### AIM OF THE TASK
Write out a word-for-word repetition of the lines that come before the line containing "El vehículo Nissan" in the listing below, along with that line itself, omitting pictures.

### AVAILABLE DATA
• • • • • • •

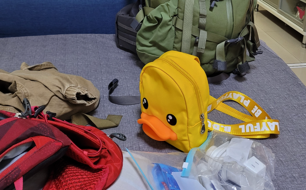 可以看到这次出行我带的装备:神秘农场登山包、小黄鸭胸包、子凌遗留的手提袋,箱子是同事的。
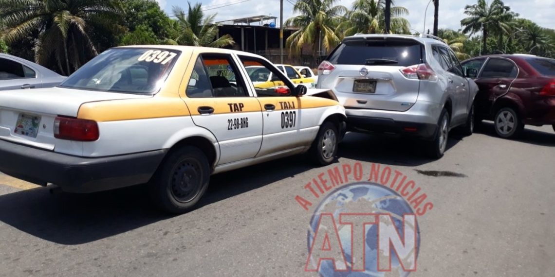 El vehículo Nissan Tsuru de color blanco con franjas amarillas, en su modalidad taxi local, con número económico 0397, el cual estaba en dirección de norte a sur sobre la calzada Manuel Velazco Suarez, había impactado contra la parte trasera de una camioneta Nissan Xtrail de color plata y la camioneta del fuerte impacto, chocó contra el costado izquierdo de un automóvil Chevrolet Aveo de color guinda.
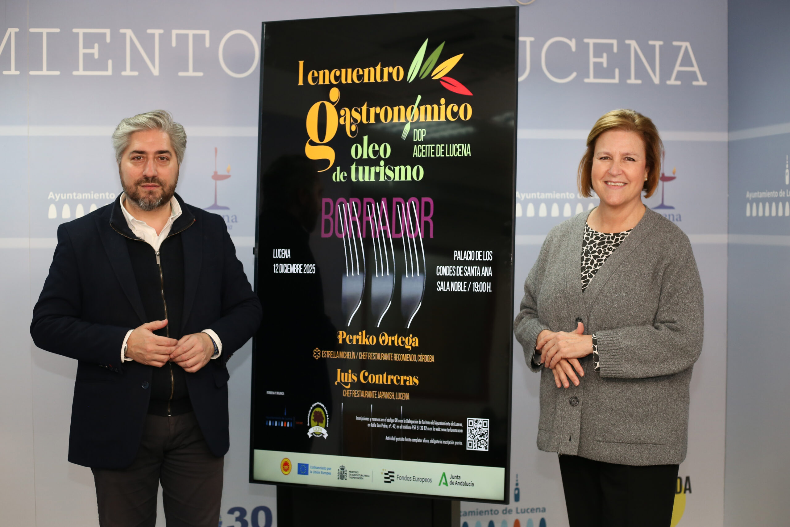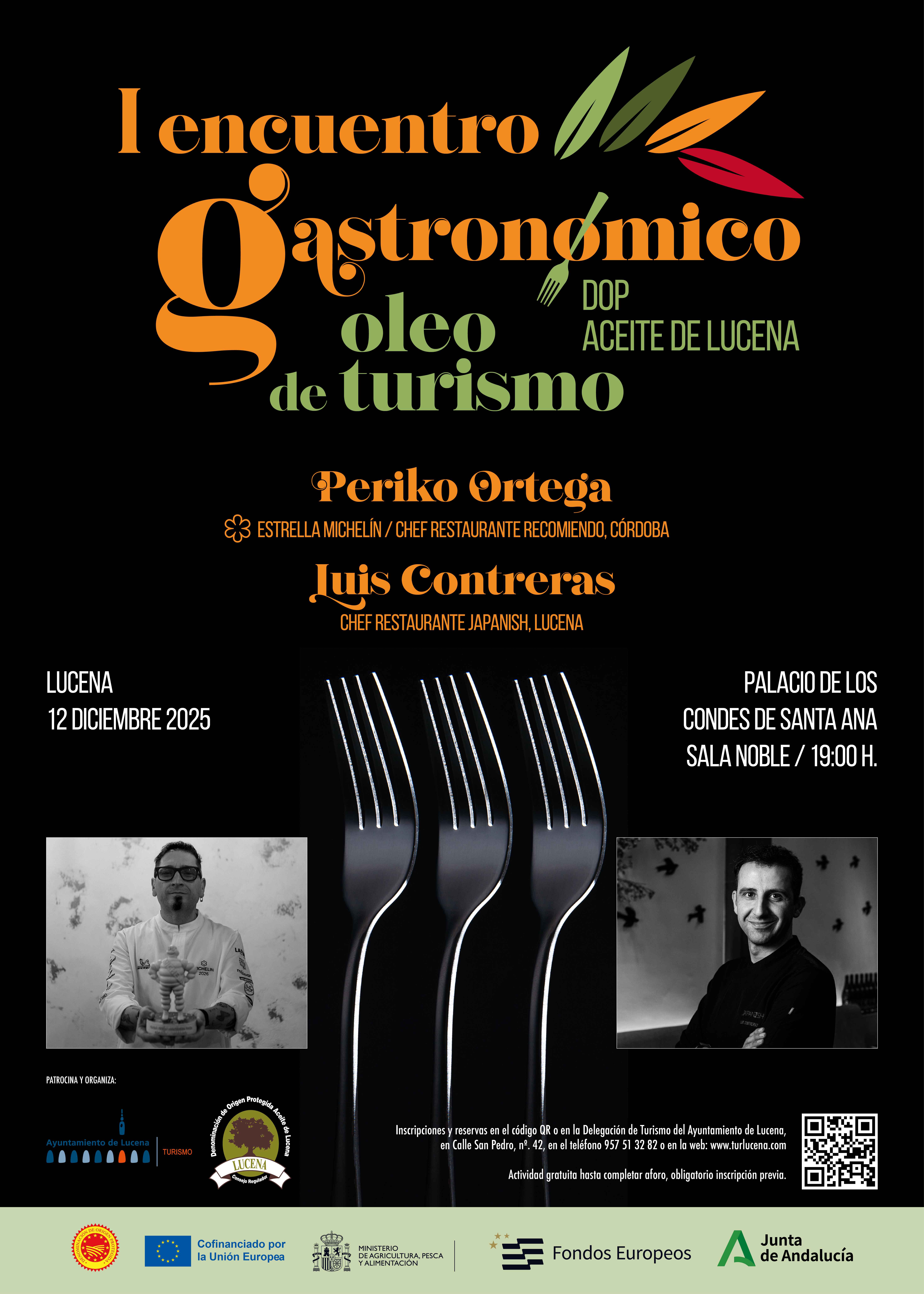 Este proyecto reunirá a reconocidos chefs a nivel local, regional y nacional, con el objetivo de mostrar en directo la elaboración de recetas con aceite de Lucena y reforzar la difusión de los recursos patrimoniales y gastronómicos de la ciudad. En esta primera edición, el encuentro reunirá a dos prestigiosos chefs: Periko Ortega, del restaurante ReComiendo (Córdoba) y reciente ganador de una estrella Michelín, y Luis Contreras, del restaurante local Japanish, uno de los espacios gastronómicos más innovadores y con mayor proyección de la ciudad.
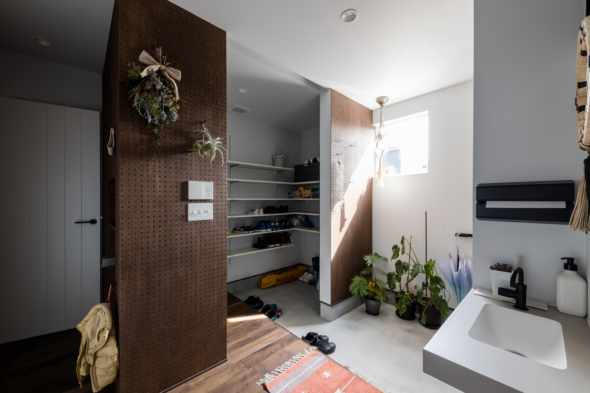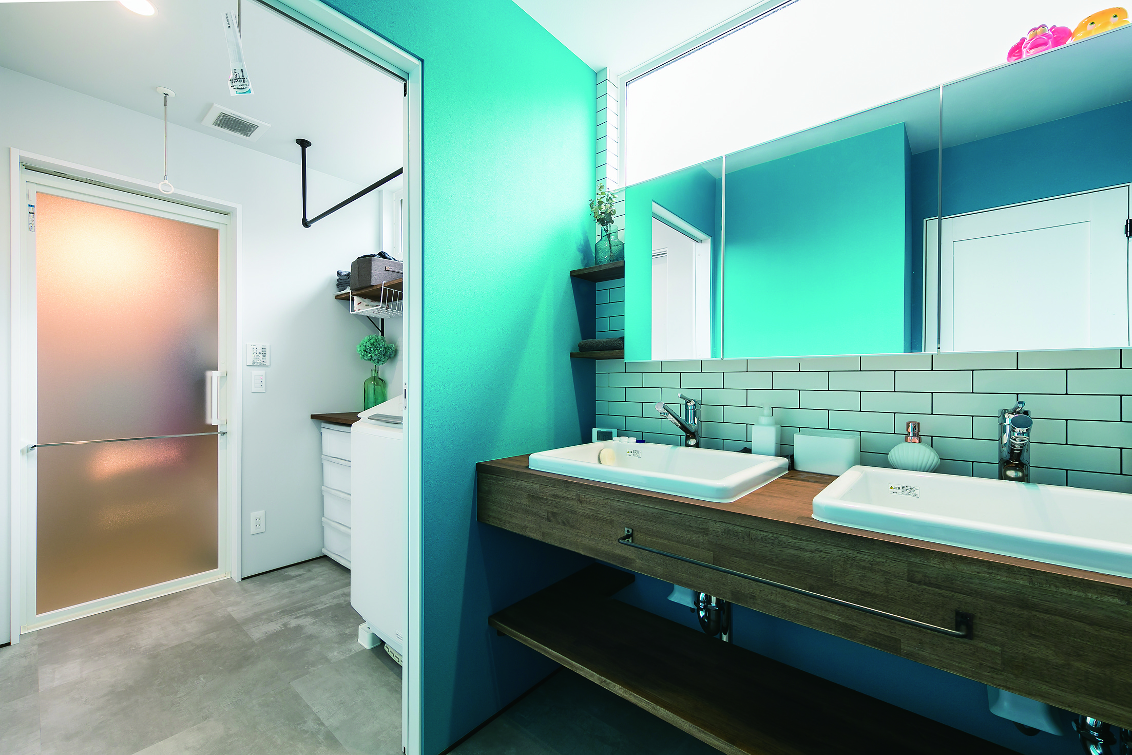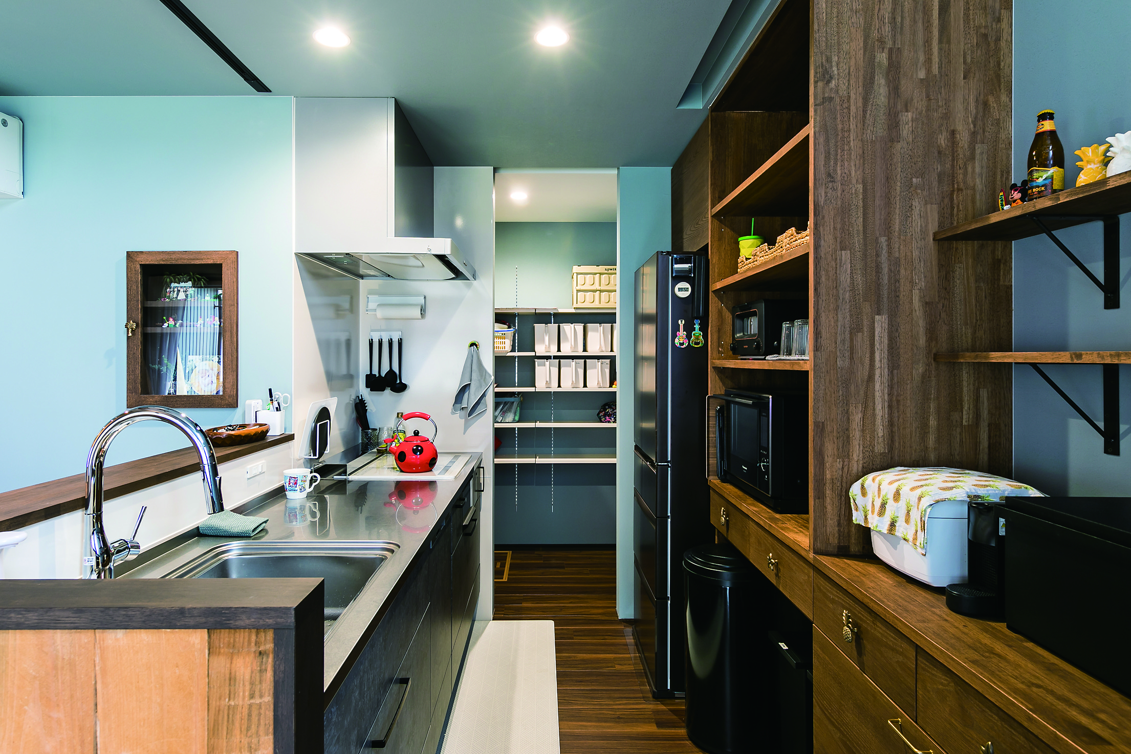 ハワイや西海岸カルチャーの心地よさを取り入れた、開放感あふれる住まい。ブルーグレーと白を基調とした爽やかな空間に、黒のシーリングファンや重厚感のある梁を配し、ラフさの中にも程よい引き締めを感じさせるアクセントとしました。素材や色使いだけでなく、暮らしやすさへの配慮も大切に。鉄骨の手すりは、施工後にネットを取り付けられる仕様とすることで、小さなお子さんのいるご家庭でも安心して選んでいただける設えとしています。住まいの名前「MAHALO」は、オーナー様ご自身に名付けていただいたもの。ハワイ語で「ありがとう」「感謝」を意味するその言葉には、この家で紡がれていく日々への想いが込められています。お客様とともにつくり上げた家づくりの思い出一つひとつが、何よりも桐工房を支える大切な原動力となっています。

• • • • • • •

### EXERCISE SOLUTION
 可以看到这次出行我带的装备:神秘农场登山包、小黄鸭胸包、子凌遗留的手提袋,箱子是同事的。
 El vehículo Nissan Tsuru de color blanco con franjas amarillas, en su modalidad taxi local, con número económico 0397, el cual estaba en dirección de norte a sur sobre la calzada Manuel Velazco Suarez, había impactado contra la parte trasera de una camioneta Nissan Xtrail de color plata y la camioneta del fuerte impacto, chocó contra el costado izquierdo de un automóvil Chevrolet Aveo de color guinda.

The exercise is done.